Should the PTY LTD NEW HEIGHTS not be able to take transfer and or ratify this agreement I LIJANE MAQELEPO HEREBY holds (sic) myself surety and co-principal debtor for all the obligations of this offer towards the seller and irrevocably hereby undertake to take transfer in my own name.’

The respondent signed the offer to purchase as purchaser without qualifying his signature.

[4] The respondent is reflected in the additional page referred to as the purchaser and all his relevant details have been inserted. There is no reference to the company, New Heights (Pty) Ltd.

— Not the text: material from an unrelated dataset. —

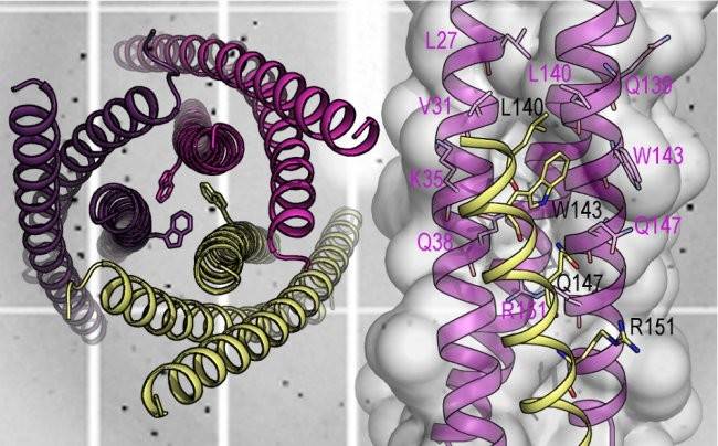 Científicos andaluces han descubierto, usando los brillantes rayos X del Sincrotrón ALBA de Cerdañola del Vallés (Barcelona), la estructura cristalina de una cadena proteica sintética que es eficaz para evitar la infección del VIH-1, la cepa más común y patogénica del virus de la inmunodeficiencia humana. Estructura cristalográfica de la cadena proteica. Representación de la superposición de la proteína dentro del modelo teórico del ectodominio gp41 (Ana Cámara, Universidad de Almería).

[5] It is clear that the document was completed in two stages. Initially the purchaser was to be LIJANE MAQELEPO as his name was entered as purchaser in the appropriate place in the document and only his particulars were inserted in the additional page as purchaser. Thereafter the parties attempted to make NEW HEIGHTS (PTY) LTD the purchaser by inserting the words ‘on behalf of the above co’ after the respondent’s name as purchaser, the name NEW HEIGHTS PTY LTD above the respondent’s name and by inserting clause 21.

[6] The respondent paid the cash instalment of R120 000 and obtained a mortgage loan of R1 180 000 from ABSA Bank as stipulated by the agreement. After the respondent obtained the mortgage loan, Biccari Bollo Mariano, the attorney appointed to attend to the transfer, communicated with him and he signed all the documents which were necessary to take transfer. On 10 January 2002 the respondent paid the transfer duty and registration costs amounting to R118 927,60 to Biccari Bollo Mariano.

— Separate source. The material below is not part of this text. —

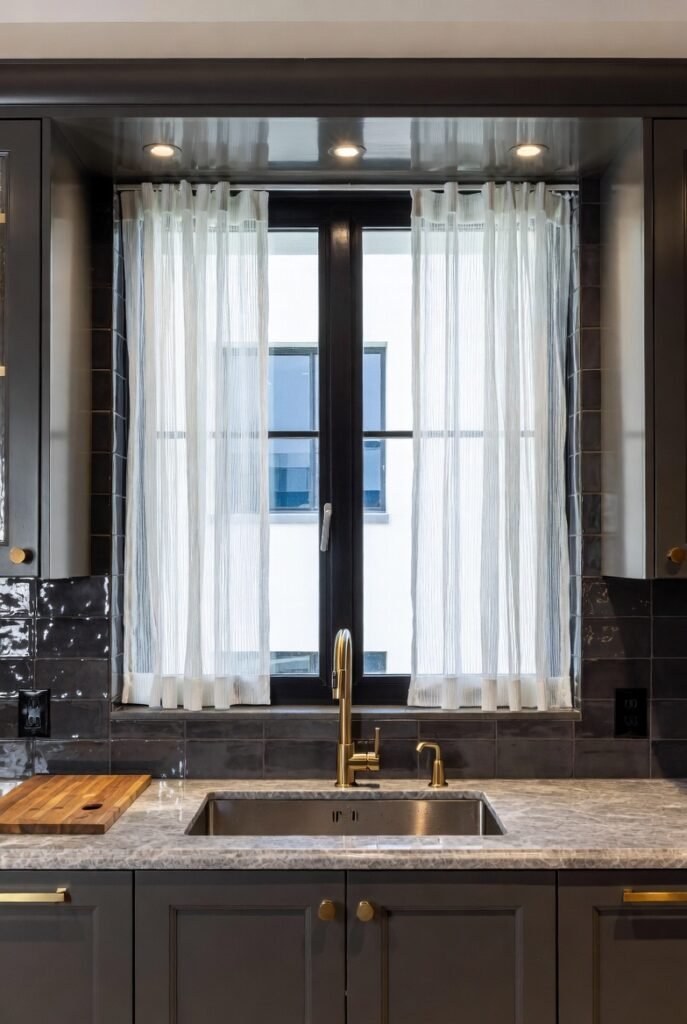 7. Sheer Curtains in a Moody Kitchen

[7] In February 2002, when the respondent called upon the appellant to pass transfer, the appellant repudiated the agreement. The respondent did not accept the repudiation and launched an application in the Witwatersrand Local Division for an order that the appellant transfer the property to him.

[8] The appellant opposed the application. In her answering affidavit the appellant did not dispute any of the respondent’s factual allegations. She contended that as New Heights (Pty) Ltd (‘New Heights’) did not exist the agreement was null and void; and that the respondent was no more than a surety and therefore had no right to enforce the agreement.

[9] It is common cause that a company called New Heights (Pty) Ltd has never been registered and accordingly has never existed.

[10] The matter came before Goldstein J in the Witwatersrand Local Division who identified the essential issue to be whether the respondent signed the agreement as principal or as surety. After analysing the provisions of the Offer to Purchase (i e the agreement) the learned Judge concluded that the clear intention of the parties was that the respondent would be the purchaser if the company was not such. He accordingly granted the relief sought.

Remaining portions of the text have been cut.